## [Exercise description]
Write out the lines of the material below exactly, beginning at the line with "Le tweeter signature" and stopping after the line with "Gloria obţine cele", and leave out the pictures.

## [Source records]
== == ==

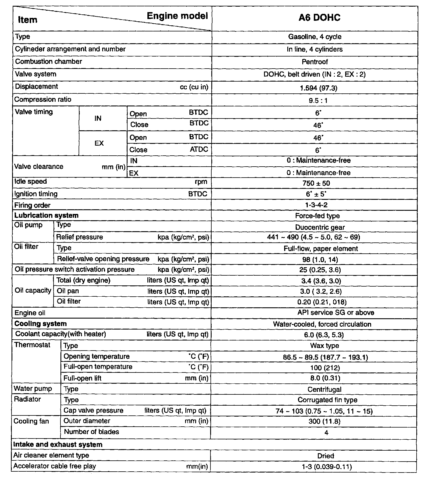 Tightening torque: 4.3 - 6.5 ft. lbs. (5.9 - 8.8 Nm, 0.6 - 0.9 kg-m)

== == ==

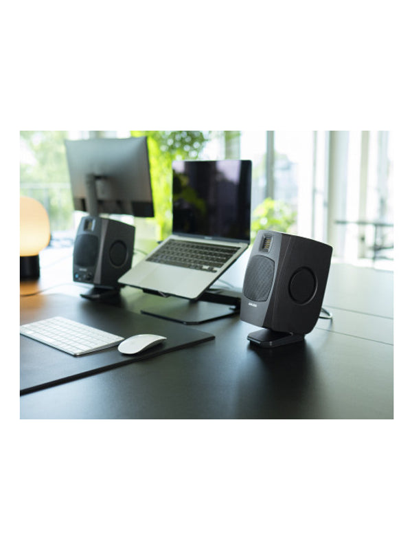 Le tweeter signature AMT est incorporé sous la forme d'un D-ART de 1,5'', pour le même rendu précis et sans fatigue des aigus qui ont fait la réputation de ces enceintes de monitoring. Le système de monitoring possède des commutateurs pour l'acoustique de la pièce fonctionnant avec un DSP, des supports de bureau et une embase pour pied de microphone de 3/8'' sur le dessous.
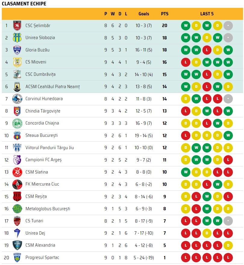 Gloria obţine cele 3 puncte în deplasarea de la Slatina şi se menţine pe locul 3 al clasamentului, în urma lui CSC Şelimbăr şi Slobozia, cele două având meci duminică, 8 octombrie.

== == ==

## [Solution to this exercise]
 Le tweeter signature AMT est incorporé sous la forme d'un D-ART de 1,5'', pour le même rendu précis et sans fatigue des aigus qui ont fait la réputation de ces enceintes de monitoring. Le système de monitoring possède des commutateurs pour l'acoustique de la pièce fonctionnant avec un DSP, des supports de bureau et une embase pour pied de microphone de 3/8'' sur le dessous.
 Gloria obţine cele 3 puncte în deplasarea de la Slatina şi se menţine pe locul 3 al clasamentului, în urma lui CSC Şelimbăr şi Slobozia, cele două având meci duminică, 8 octombrie.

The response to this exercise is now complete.